Case in point: Virginia put together only one sustained drive, a 10-play, 82-yard scoring march that culminated with an 8-yard Sewell TD run that gave the ‘Hoos a 14-7 lead midway through the second quarter.

UVa.’s next three possessions ended in turnovers, and from there it was punt, punt, punt, turnover on downs, fumble, PickSix, turnover on downs.

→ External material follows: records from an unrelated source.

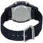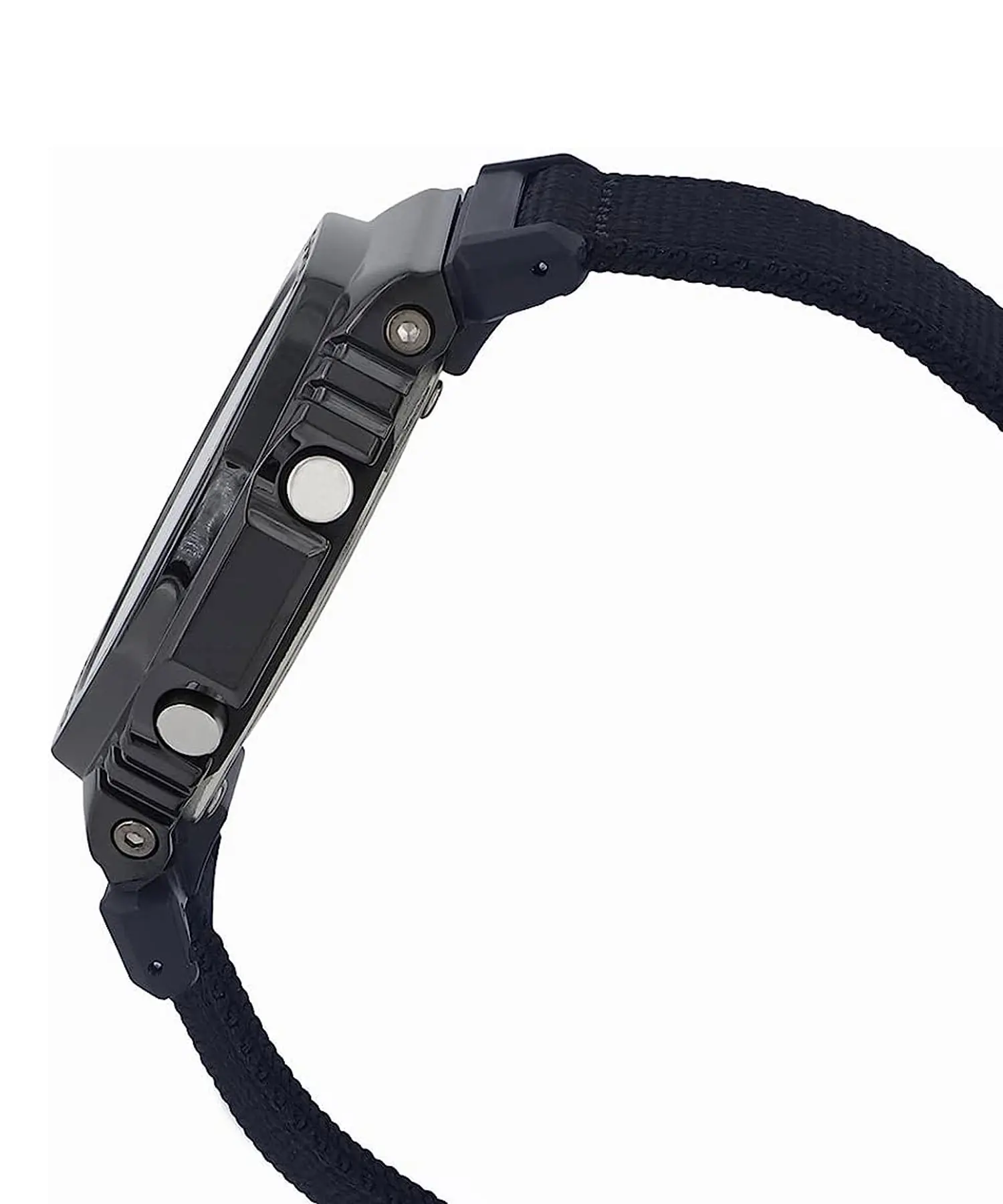 این ساعت از نمایشگر آنالوگ + دیجیتال بهره میبرد و با وزن تنها 72 گرم، نسبت به فریم استیلی بسیار سبک و راحت روی مچ قرار میگیرد. ابعاد استاندارد 49.3 × 44.4 × 11.8 میلیمتر و ضخامت کم آن، باعث شده ظاهر ساعت روی مچ بسیار خوشفرم و جذاب باشد. بند این مدل از جنس پارچه/برزنت مقاوم طراحی شده که علاوه بر دوام بالا، حس اسپرت، تاکتیکال و ماجراجویانهتری به ساعت میدهد.
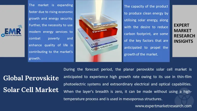 The major drivers of the market include the rise in economic growth and energy security, rise in demand of perovskite solar cell because of growing need to decline prices of solar cells, growing environmental concerns, and growing requirement for alternative energy to minimise reliance on fossil fuels.
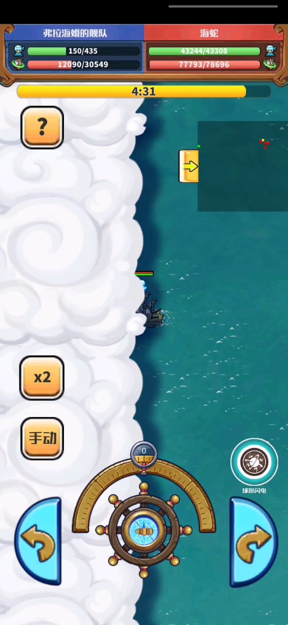 虽然视频中沉船了,但是思路可以参考。适用于比你慢的船队和海蛇,打章鱼可以开远等电球cd再回来。 ps:用不了技能是因为敌人正在用,不能一起用是bug
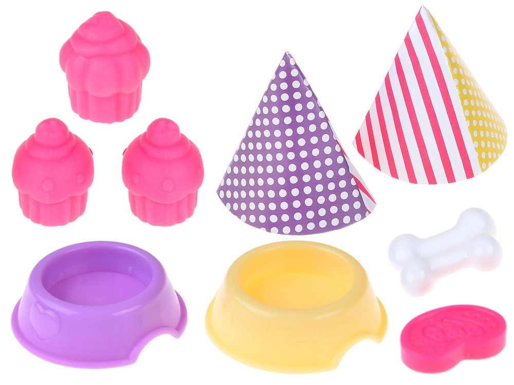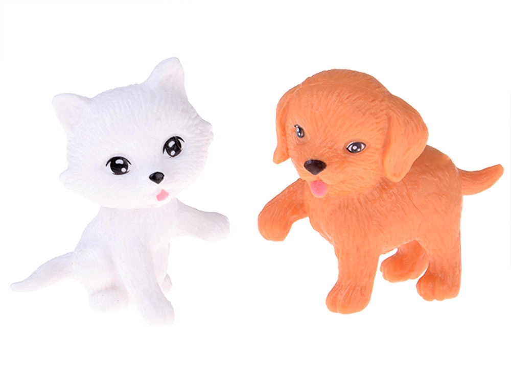 Biała kotka i brązowy piesek z własnymi miskami, przysmakami i kostką dodają każdej scenie uroku i uczą dzieci opieki oraz dzielenia się.
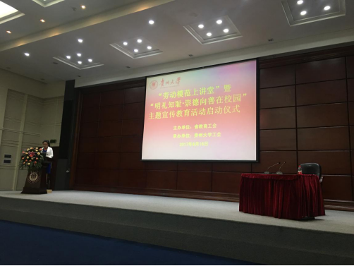 为了大力弘扬劳模精神,扎实推进职工思想道德建设,继续打造好“劳动模范上讲堂”这个工会工作的品牌,省教育工会6月16日下午在贵大北校区举行了2017年“劳动模范上讲堂”暨“明礼知耻·崇德向善在校园”主题宣传教育活动启动仪式。我校工会参加了本次启动仪式。
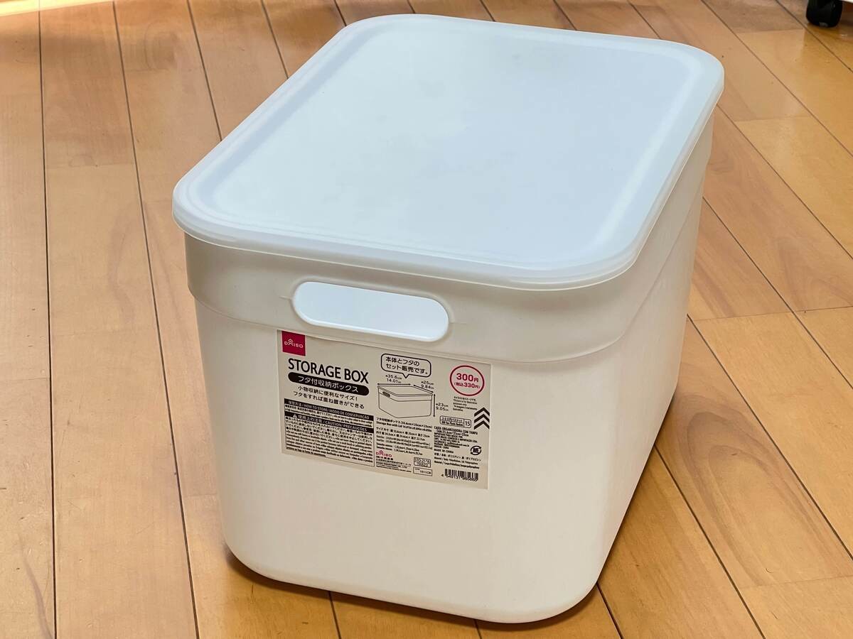 慣れないうちは、“とりあえずボックス”を作ってみるのもいいですよ。ダイソーの「フタ付収納ボックス(330円 税込)」のように、カラーボックス1段程度の大きさで、フタが付いているものがおすすめです。
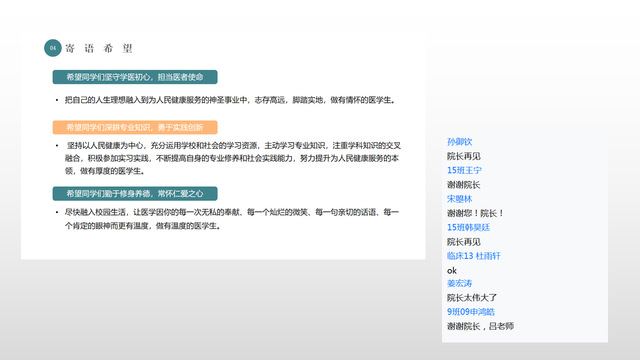 接下来,我院将针对大一新生继续开展教学、科研、学生管理、临床等方面的系列讲座,助力新生做好职业生涯规划,走好大学之路。筑梦的号角已经吹响,新征程、新梦想将在美丽的校园里再次启航!
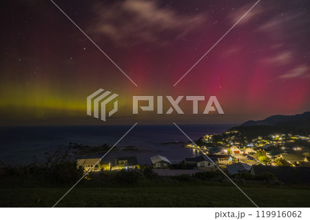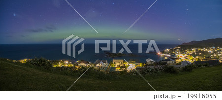 ニュージーランド ウェリントンのアイランド・ベイの夜景と夜空に広がるオーロラ
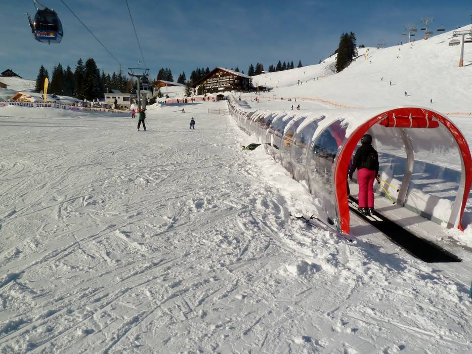 3 Übungslifte werden im neuen Kinderland durch ein modernes 140 m langes, überdachtes Förderband ersetzt, welches optimalen Komfort bei jedem Wetter garantiert. Diese Skigebietserweiterung mit einer kindersicheren Anlage und den zusätzlichen Pisten ist für das Familienskigebiet eine maßgeschneiderte Ergänzung. Damit stehen Komfort, Qualität und Kundenzufriedenheit noch mehr im Mittelpunkt.Skigebietserweiterung Schwarzeck mit 8er-Sesselbahn
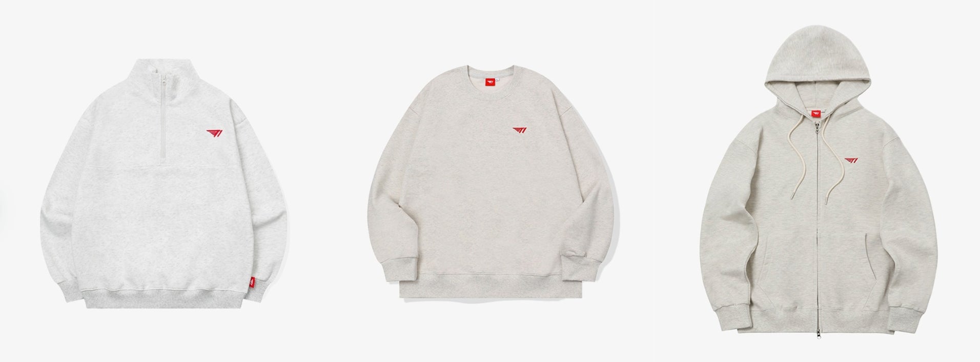 中央:T1 ロゴ・スウェットシャツ ¥8,800(税込)
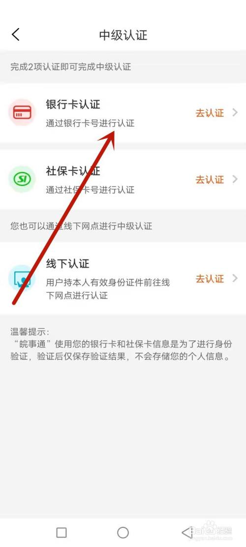 根据需要选择中级认证的方式,通过银行卡号进行认证。
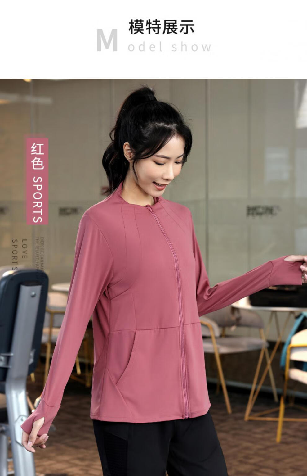 KEJIMITAO Large Size Running Top Women's Autumn Fitness Yoga Wear Sports Jacket Zipper Loose Quick-Drying Long Sleeve Fat mm Red M (Recommended 90-105Jin Jin equals 0.5kg)

This one was a beatdown, folks.

I wrote on our in-game blog that UVa. might be competitive in the CAA this year. I take it back now. After reading about how Richmond dominated Duke at Duke in a 24-16 win, I’m not sure UVa.or Duke could finish in the first division in the CAA.

Sad thing for Virginia fans is that Groh, when he is shown the door in the next couple of weeks, will be leaving the cupboard so bare that it will take his successor four or five years to make Virginia competitive in the ACC.

Considering what he was handed when he was given the keys to the UVa. football program in 2001, he ought to write the Virginia Athletics Foundation a refund check that starts with a single-digit number and ends with six zeroes just to make amends.